Yeah, I mean, I like Twitter because I really feel like it's the Thunderdome.
So you get to just, it's very hard to be free there too.
And I like to challenge myself on Twitter Because it's an exercise in what I'm not saying.
So when it first started, when I first went on Twitter and started getting noticed even by people on the right, you'll lean into what's working.
And I generally have this rule where wherever I have a tweet that goes really big, I'll do the opposite or I'll say something just so that I can weed out anybody who might think that I'm too much of a You can see one tweet and be like,
"Oh, I know who this person is, but I need to weed out the people
who can't handle differing opinions."
Because on both sides, there are people who cannot handle you saying
anything bad about Trump or anything bad about the left.
I don't know where anything will be in two years or three in the future.
All of the things that we never could have considered possible are playing out or happening.
So I have to really, really get my mind around being comfortable with being uncertain and not really having any idea what... I think Twitter will survive.
My feeling, even seeing that my 12-year-old nephew now loves Twitter because it is the fastest social media in terms of the conversation and it is this think tank for all of these kind of thought people.
And the conversation is kind of happening there.

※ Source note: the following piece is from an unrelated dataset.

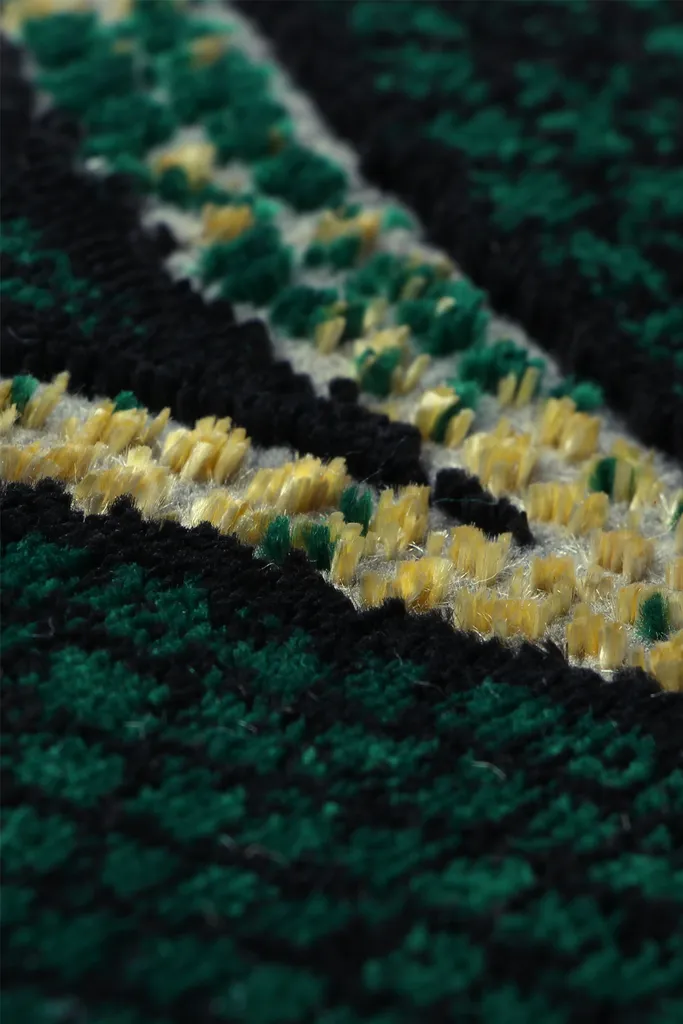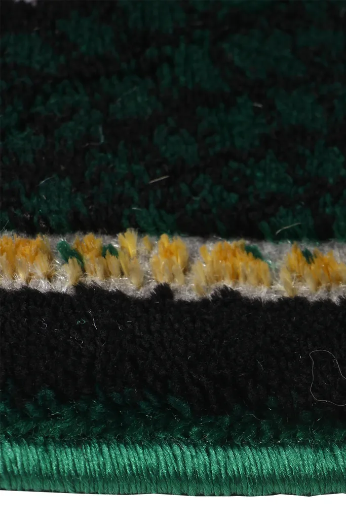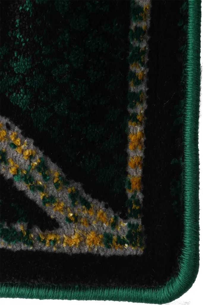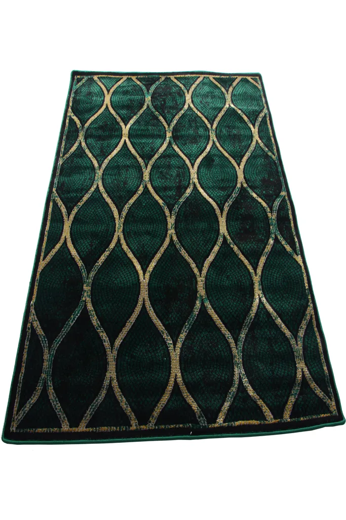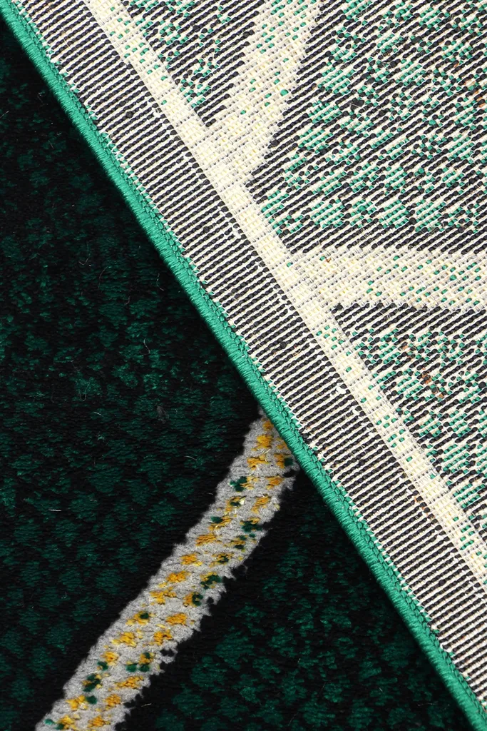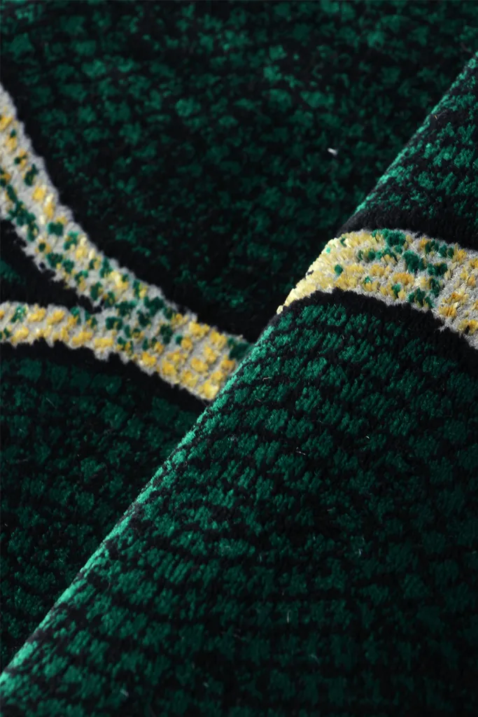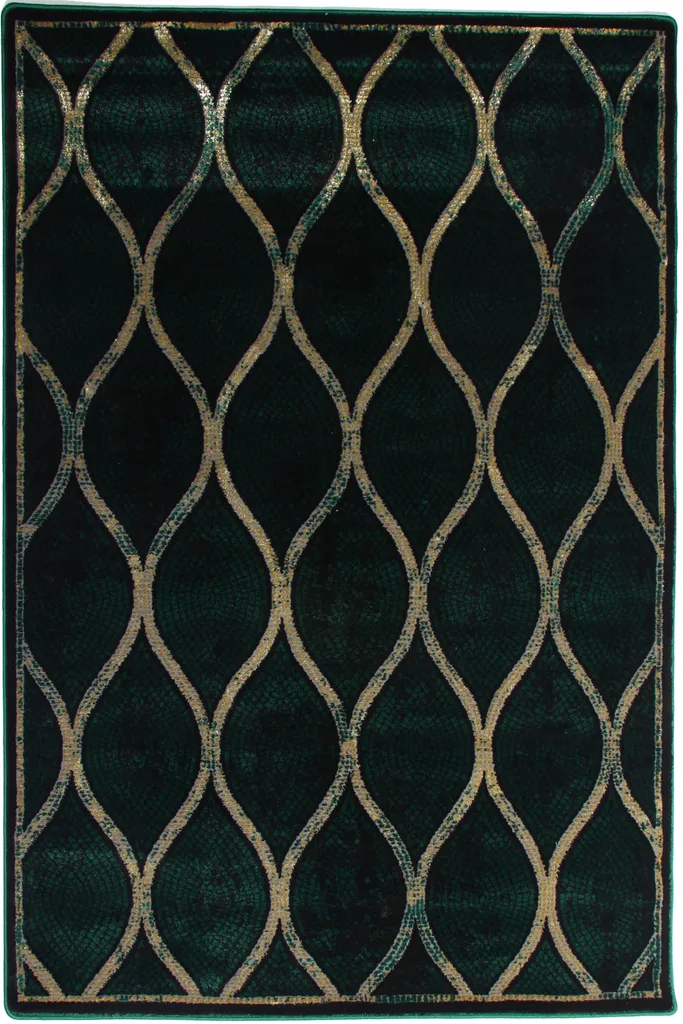Nowoczesny dywan syntetyczny z geometrycznym, złotym wzorem na zielonym tle – stylowy i przyjemny w dotyku dodatek do współczesnych wnętrz.

I wouldn't be surprised if it survives, but it seems like the forces to silence people,
and I'm seeing this even, like I was in Clubhouse last night
It's, you know what I really love about it is that it's basically like being at a conference and you can just go pop in and listen to a panel of speakers.
That's how I see it.
But then with the introduction of people that make people in there not feel safe, it's caused a lot of discussion, the same discussions that happen on every single platform about who's allowed to be speaking, who's allowed to be where.
As long as you're not breaking the laws of the United States, you know, you've shown a little, a little more skin than say I've shown on mine, but as long as, I don't care what you do in there.
I mean, the whole, the whole, you know, development team, they don't care.
And you know, it's really empowering in that it goes through my Stripe account.
I feel like that's the most empowering thing because I've been on a lot of these other sites and it goes to them, we get paid out, we have to wait.
This is truly giving the creators The tools to their audience and access to their audience and not being a gatekeeper because in this time when there are gatekeepers everywhere and you can just get booted off a platform and sorry, you now have to fight for your stuff and fight for your audience and now scramble to tell everybody.
This feels a lot more empowering and I think that that is the future and it's the most One of the most exciting things other than just the sexiness of the actual design and platform about Locals for me as a creator.
Yeah, just to be clear for people that don't get what you're saying, it's your Stripe account, meaning if you're a creator on there, it's your personal Stripe account.
So Locals doesn't collect the money on your behalf and then pay you.
You're paid as people sign up, then Locals gets their cut, but it all goes through you.
And in my case, they're subscribing to Phetasy Inc.
I mean, this is this is an amazing and people just kind of assume that that's the way it was because that's the way it is.
And the fact that Locals has made that very small but obvious shift in the way that this works is, I think, enormously Important for creators in this space moving forward when things are shifting and people are being deplatformed and silenced and booted.
But thank you for creating this and thank you to the team.
You have an amazing team behind you and working with you and they're all very loving and supportive and brilliant and talented.
I appreciate all of their help, and I want them to know that I see how hard they work and what they're doing, and it doesn't go unnoticed with me or my community.
I hear about it all the time from them, so thank you.